If any of you have ever had a change to your name, you know how important it is to inform everyone you know about this name change. So I am hereby using this column to officially announce to all of you a very important change to my name. From now on, you are all welcome to call me by my new name, "Pops." It's been thirty-one years since I first had my life turned upside down by someone only 20 inches long, but it happened again this week. And once again my heart and soul are feeling an intensity of love that I didn't know was possible. You might have figured out by now that I indeed became a grandfather this week. Our son and his wife are the proud parents of a baby boy who is--and this is a completely objective opinion--clearly the most adorable baby ever! And if you twist my arm, I might even show you a picture or two or ten or a video or even share a story of how perfect our grandson is!
There is an ancient tradition that extends across all time and all spiritual traditions of a person receiving a new name after they have either had a profound conversion experience or after they have taken on a new role or position. Saul became Paul when he changed his ways in biblical times. This happened again recently when Cardinal Jorge Bergoglio was elected Pope and changed his name to Francis. Years ago, I remember when a young boxer named Cassius Clay converted to Islam and changed his name to Muhammed Ali, and when a young basketball player named Lew Alcindor changed his name to Kareem Abdul-Jabbar.
While I will still answer to, "Scott," I'm really liking the sound of my new name, "Pops." Even more, I like the feel of Pops. I am not the only person to have received a new name as a result of the arrival of our grandson. Three other grandparents, including my wife, have received new names as well. And, of course, our grandson has his own new name!
Most importantly though, there are two other people who have received new names. Their names are the names our son and his wife received, that of Mom and Dad. Any of us who have been blessed to be called by those names know the joy of parenthood and the joy they are now experiencing as they step into those roles.

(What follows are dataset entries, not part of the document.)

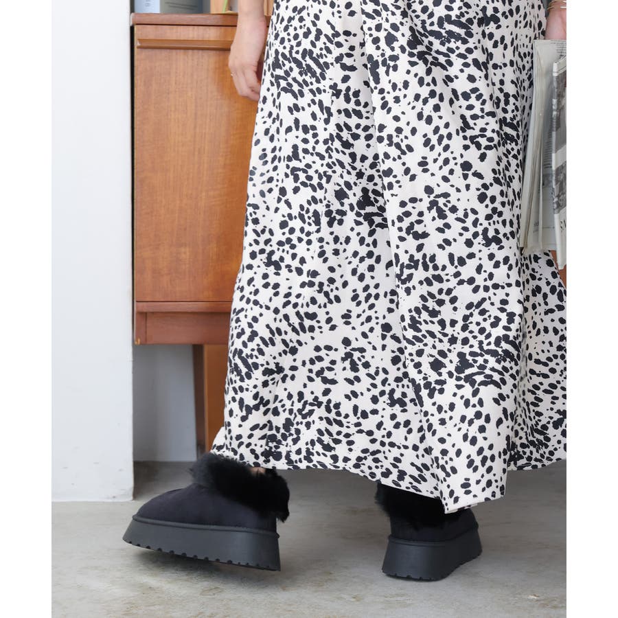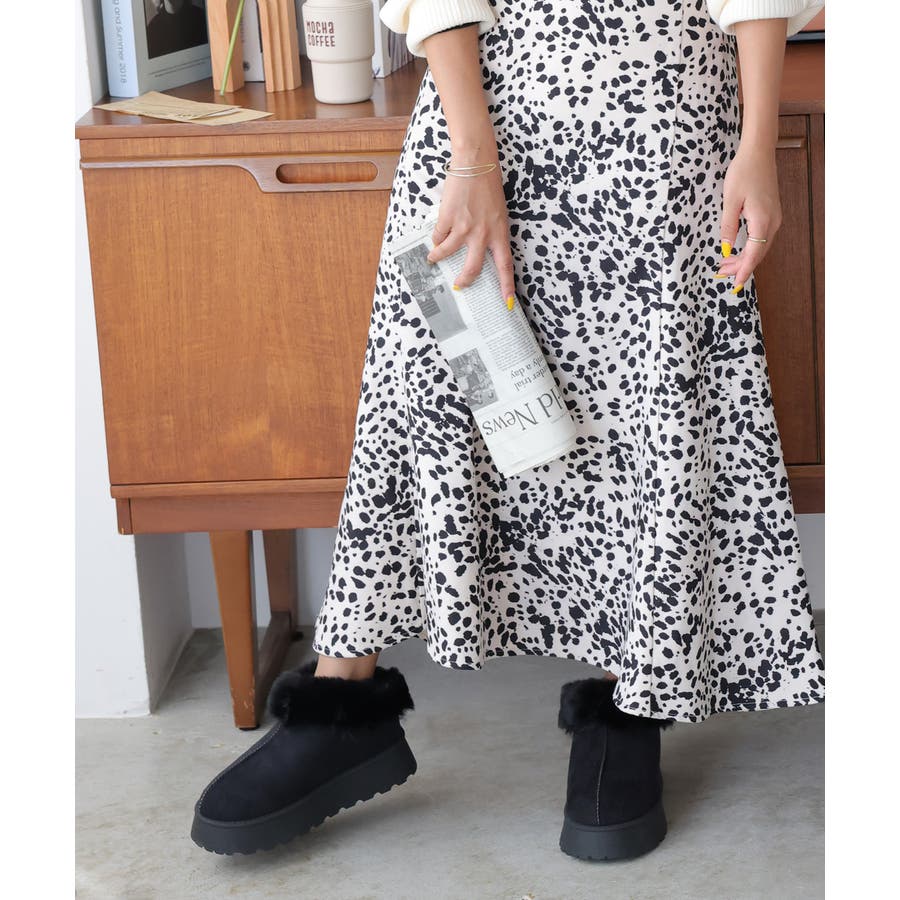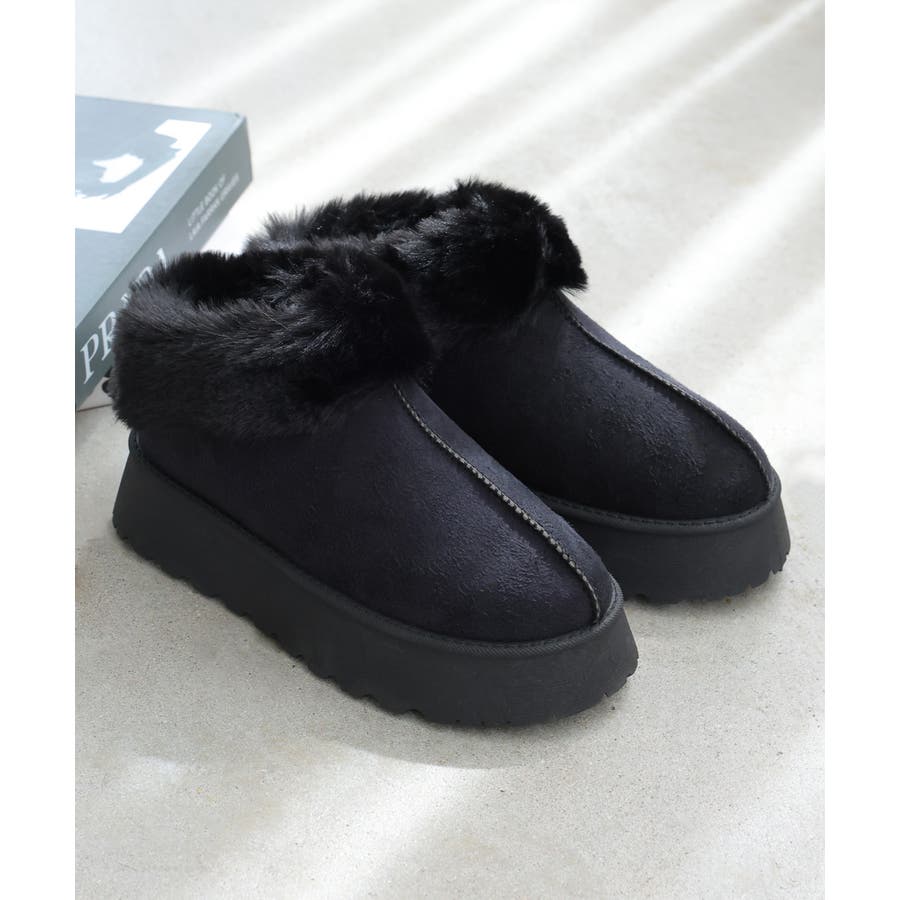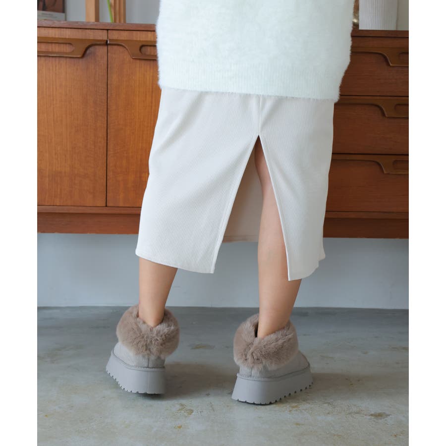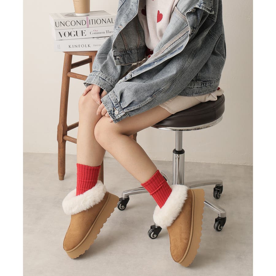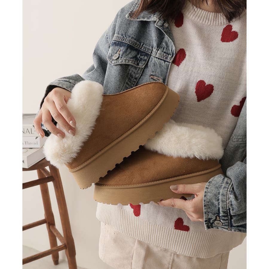 【24年秋冬新作】厚底ソール ボリュームファー アンクル丈 ムートンブーツ
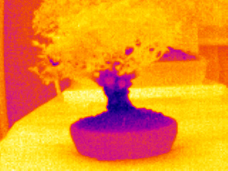 Thermography is a well know tool used widely for technical investigations of buildings, for archaeology, biology and arboriculture to name a few examples, and I was inquisitive to see how bonsai trees show up under a thermal image camera having used thermal imaging on trees before to assess health and to look for dysfunctional areas on trunks and along branches etc. The scale on bonsai is smaller than that of trees in their natural environments, but it is easier to image more of a bonsai at once. You don’t need to climb it to examine branches in more detail.
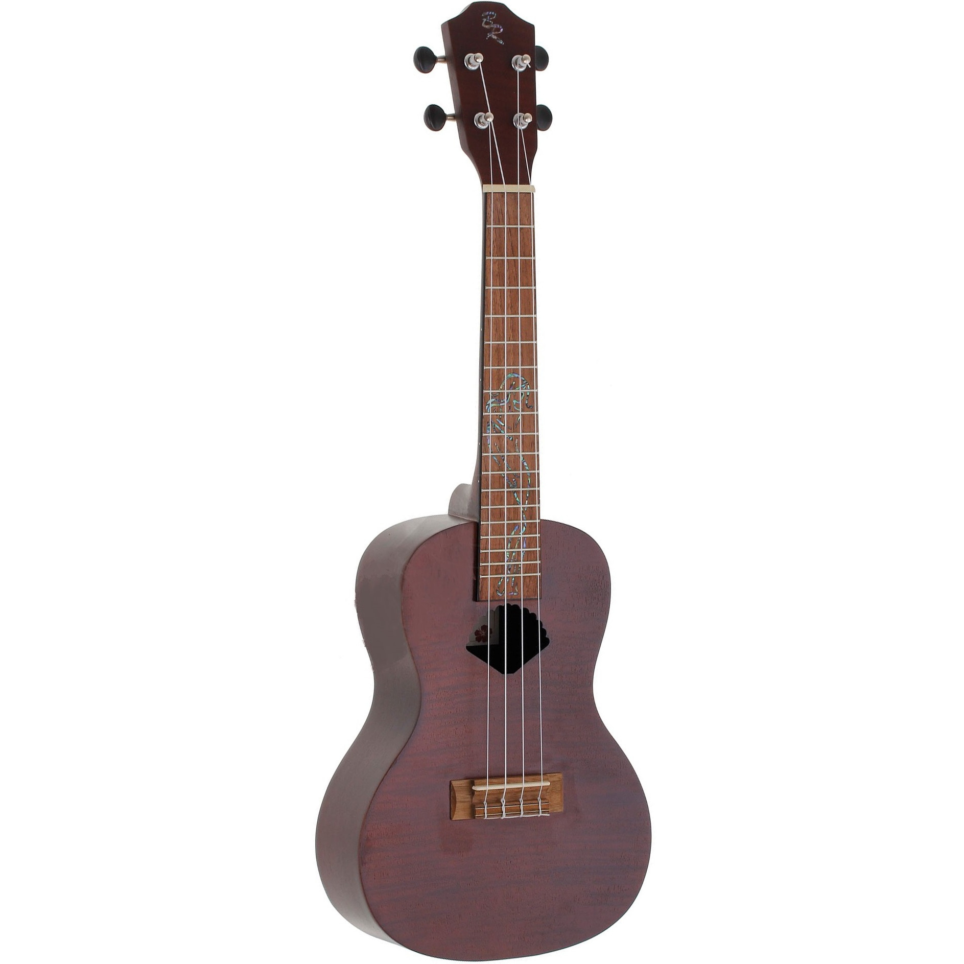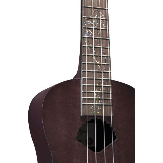 В укулеле BATON ROUGE V4-C venus используются 4 струны Aquila Nylgut. Отделка выполнена в тёмных тонах натурального дерева со звуковым отверстием в форме ракушки, у инструмента матовая поверхность с открытыми порами. Струны прикреплены к открытым хромированным колкам в гитарном стиле, с черными бутонами.

Three different people this week have given me the same piece of advice in regard to becoming a grandparent. They have each said to me, "Hold on to your heart!" And to each person I have said the same thing, "It's too late for that." If I had wanted to hold on to my heart, I would have never had children myself. I am reminded of the quote by Elizabeth Stone: "Making the decision to have a child - it is momentous. It is to decide forever to have your heart go walking around outside your body." I now know this to be true for grandparents, too, and I also know it to be true for any one of us who has ever fallen in love with a child or any other human being for that matter. Falling in love is not about holding on to your heart, but about allowing your heart to be exposed in a whole new and life-expanding way.
Please join with me in giving thanks for the miracle of this new life that has come into our midst. Please also join me in expressing gratitude for the countless ways in which love continues to be born into our world day after day, in so many different ways. Even though our names may not be changed, our hearts are changed forever whenever we dare to truly love another human being, because love changes everything.